Eight PRs open in roughly 90 seconds. The orchestrator runs review(parent_id) and writes a summary comment on each PR linking to the others — so reviewers know "this is one of eight; the others all show the same plan output."

If one cluster's plan diverges, the orchestrator flags it. (One did, in this run — staging-eu-west-1 had a stale CRD that needed an extra step. The orchestrator caught it because plans diverged.)

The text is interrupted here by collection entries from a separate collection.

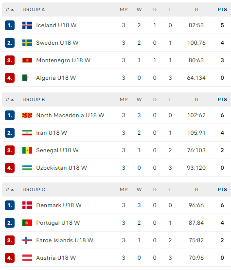 Pirmajame etape po tris pergales iškovojo Šiaurės Makedonijos, Danijos, Egipto, Korėjos, Norvegijos ir Vengrijos rankininkės. Į kitą etapą taip pat pateko Islandijos, Švedijos, Irano, Portugalijos, Kroatijos, Nyderlandų, Rumunijos, Vokietijos, Brazilijos ir Prancūzijos rinktinės.
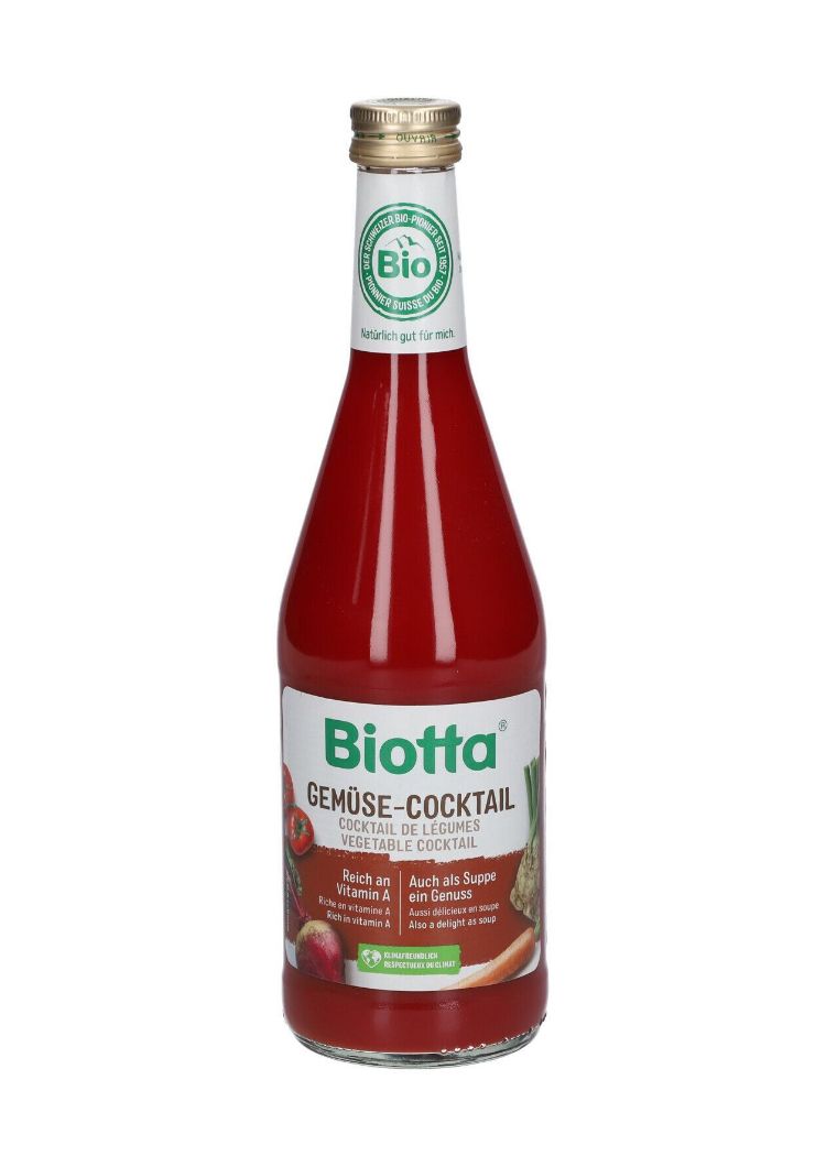 Коктелот од зеленчук од Biotta е вкусна мешавина од различен органски зеленчук, збогатен со малку морска сол. Може да се користи на различни начини. Изненадува како совршен придружник на аперитив или како топла супа. Овој сок е богат со витамин А (од бета-каротин). Витаминот А придонесува за одржување на нормален вид.
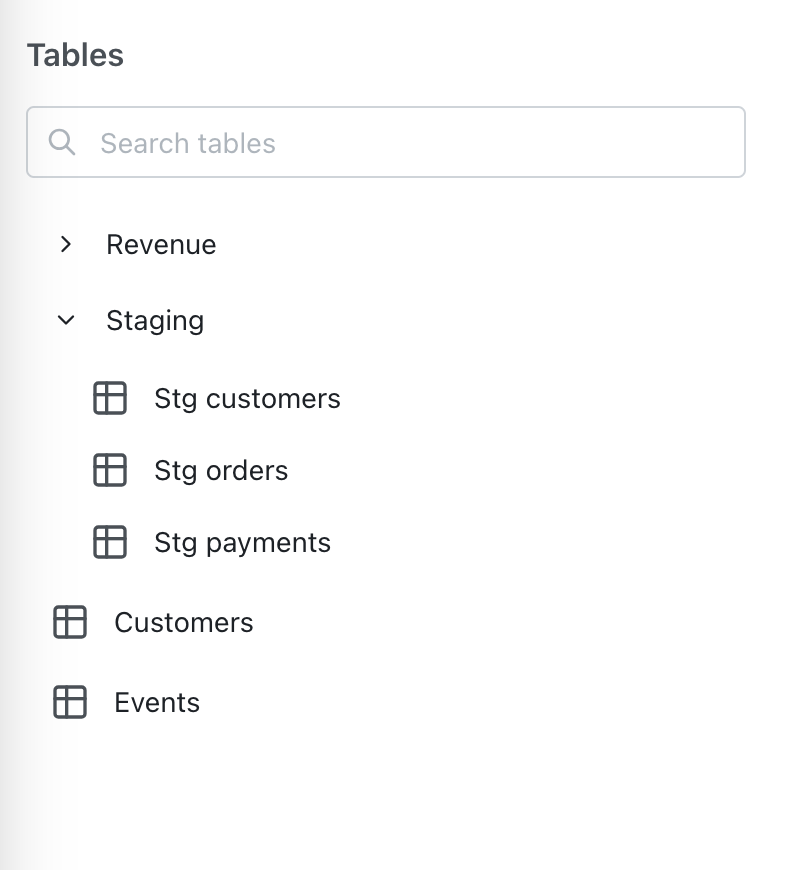Tables come from dbt models that have been defined in your dbt project’sschema.yml files.
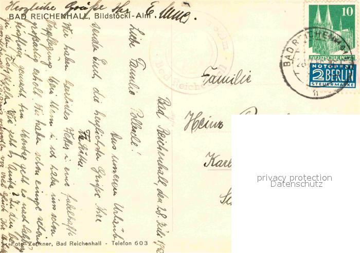 72790826 alte Postkarte Bad Reichenhall Bildstoeckl Alm postalisch gelaufen Erhaltung siehe scans [AndreD76] KatCode: 11110009172114

What broke when we scaled it

Three classes of failure, in order of how often we hit them:

Lock contention on the IaC repo. Eight workers cloning, branching, and pushing simultaneously will fight each other on the same remote. We solved it by giving each worker its own git worktree and a unique branch namespace.
Rate limits. Eight Claude Code processes in parallel will hit your Anthropic API rate limit faster than you'd expect. We added exponential backoff at the worker level and a global token-bucket in the MCP server. claim_task returns immediately if the bucket is empty.
Coordination drift. Two workers picking the same task is a race we didn't initially handle. The fix is on the MCP server: claim_task is a transactional read-and-update. Boring, but required.

Why this beats one big agent with one big context

We tried "one agent, the whole task in one prompt, all 8 clusters in context" first. It works for small fan-outs (2–3 sub-tasks). It falls apart at scale because:

Context grows quadratically. Each sub-task wants to see the others' state. The prompt gets enormous.
Failure of one sub-task pollutes the others. The agent gets confused mid-run.
You can't cancel and restart one branch of the work without losing all of it.

The fleet shape — one orchestrator, N short-lived workers, an MCP server as the only shared state — sidesteps all three. Each worker has a clean context. Failures isolate. You can kill and restart any worker. The token-cost reasoning is in Cheap agents — four token-saving moves.

What you can run today

The pattern is what's portable, not our specific code. You need three things:

A planner agent (we use Claude Sonnet for the orchestrator; Opus for sub-tasks that need deep reasoning)
A worker pool (Cmux is what we run; tmux is fine; Kubernetes Jobs for fully headless setups)
A small MCP server with five tools — claim, progress, done, blocked, siblings

The hard part isn't the agent loop; it's deciding which tasks are fan-out-shaped and being honest about which aren't. We've watched teams spend weeks trying to fan-out tasks that have linear dependencies. Don't.

One agent is fine for thinking. A fleet is what you need for doing.